*** PROVIDED ENTRIES Section Begins ***

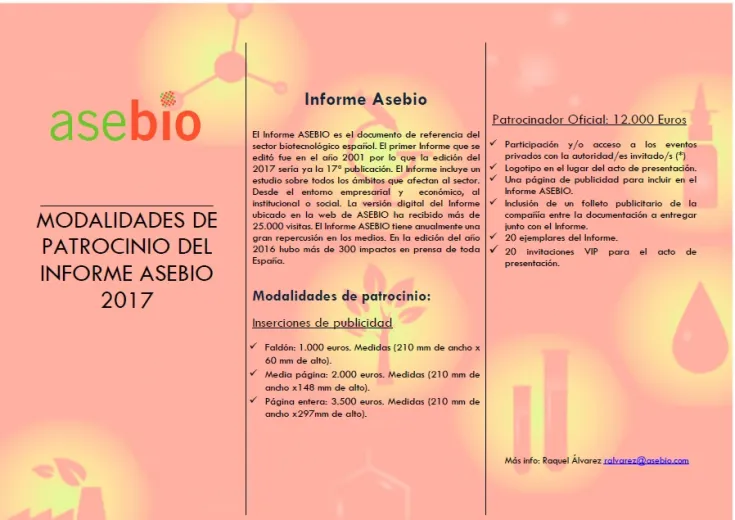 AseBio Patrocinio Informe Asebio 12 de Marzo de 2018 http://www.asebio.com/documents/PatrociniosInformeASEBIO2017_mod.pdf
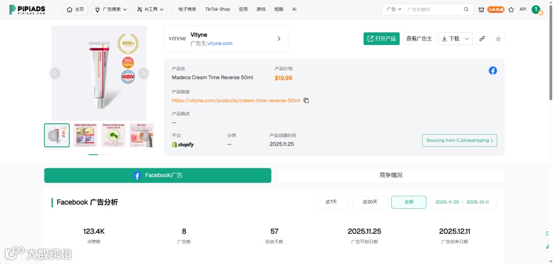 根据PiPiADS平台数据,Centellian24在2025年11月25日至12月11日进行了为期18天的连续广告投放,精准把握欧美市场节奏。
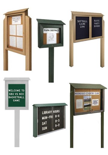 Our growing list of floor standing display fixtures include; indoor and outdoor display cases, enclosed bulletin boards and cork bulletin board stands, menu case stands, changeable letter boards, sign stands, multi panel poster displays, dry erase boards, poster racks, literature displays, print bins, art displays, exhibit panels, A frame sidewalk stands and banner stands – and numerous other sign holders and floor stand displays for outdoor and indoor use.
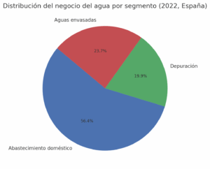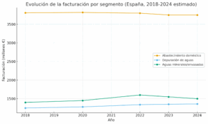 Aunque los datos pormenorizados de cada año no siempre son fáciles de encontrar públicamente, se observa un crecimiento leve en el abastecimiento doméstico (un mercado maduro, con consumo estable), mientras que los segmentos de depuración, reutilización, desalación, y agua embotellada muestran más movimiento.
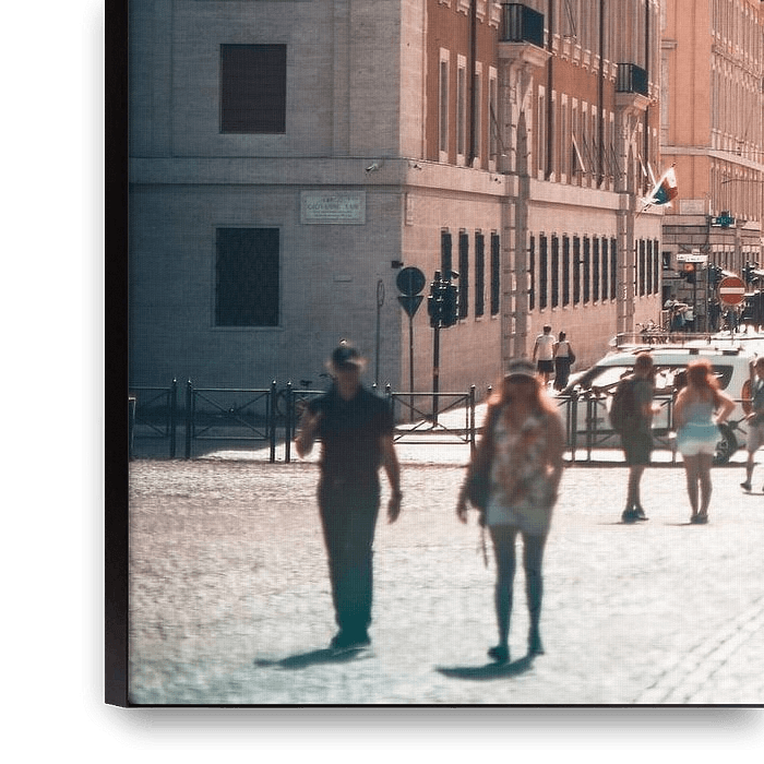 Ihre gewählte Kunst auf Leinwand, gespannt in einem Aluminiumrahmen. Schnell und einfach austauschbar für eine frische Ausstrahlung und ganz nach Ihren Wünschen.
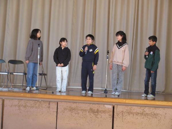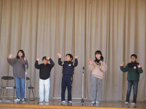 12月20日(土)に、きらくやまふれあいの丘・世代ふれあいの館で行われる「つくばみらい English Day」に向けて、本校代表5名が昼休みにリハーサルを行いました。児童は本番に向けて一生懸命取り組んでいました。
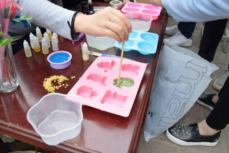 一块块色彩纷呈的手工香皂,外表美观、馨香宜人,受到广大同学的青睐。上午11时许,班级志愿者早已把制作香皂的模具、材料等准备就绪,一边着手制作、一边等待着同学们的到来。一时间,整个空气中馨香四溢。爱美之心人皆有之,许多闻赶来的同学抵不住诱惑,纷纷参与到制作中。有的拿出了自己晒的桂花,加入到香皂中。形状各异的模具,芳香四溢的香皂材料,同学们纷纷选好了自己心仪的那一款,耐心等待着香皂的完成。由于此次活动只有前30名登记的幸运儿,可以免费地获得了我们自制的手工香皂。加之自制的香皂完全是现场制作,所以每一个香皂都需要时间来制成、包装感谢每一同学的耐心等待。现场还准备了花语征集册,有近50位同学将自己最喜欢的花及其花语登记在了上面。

*** PROVIDED ENTRIES Section Ends ***

EXERCISE AIM - No pictures should appear in the copy; write out exactly the lines from the one containing "Aunque los datos" through the end of the material.

ANSWER TO THIS EXERCISE -
 Aunque los datos pormenorizados de cada año no siempre son fáciles de encontrar públicamente, se observa un crecimiento leve en el abastecimiento doméstico (un mercado maduro, con consumo estable), mientras que los segmentos de depuración, reutilización, desalación, y agua embotellada muestran más movimiento.
 Ihre gewählte Kunst auf Leinwand, gespannt in einem Aluminiumrahmen. Schnell und einfach austauschbar für eine frische Ausstrahlung und ganz nach Ihren Wünschen.
 12月20日(土)に、きらくやまふれあいの丘・世代ふれあいの館で行われる「つくばみらい English Day」に向けて、本校代表5名が昼休みにリハーサルを行いました。児童は本番に向けて一生懸命取り組んでいました。
 一块块色彩纷呈的手工香皂,外表美观、馨香宜人,受到广大同学的青睐。上午11时许,班级志愿者早已把制作香皂的模具、材料等准备就绪,一边着手制作、一边等待着同学们的到来。一时间,整个空气中馨香四溢。爱美之心人皆有之,许多闻赶来的同学抵不住诱惑,纷纷参与到制作中。有的拿出了自己晒的桂花,加入到香皂中。形状各异的模具,芳香四溢的香皂材料,同学们纷纷选好了自己心仪的那一款,耐心等待着香皂的完成。由于此次活动只有前30名登记的幸运儿,可以免费地获得了我们自制的手工香皂。加之自制的香皂完全是现场制作,所以每一个香皂都需要时间来制成、包装感谢每一同学的耐心等待。现场还准备了花语征集册,有近50位同学将自己最喜欢的花及其花语登记在了上面。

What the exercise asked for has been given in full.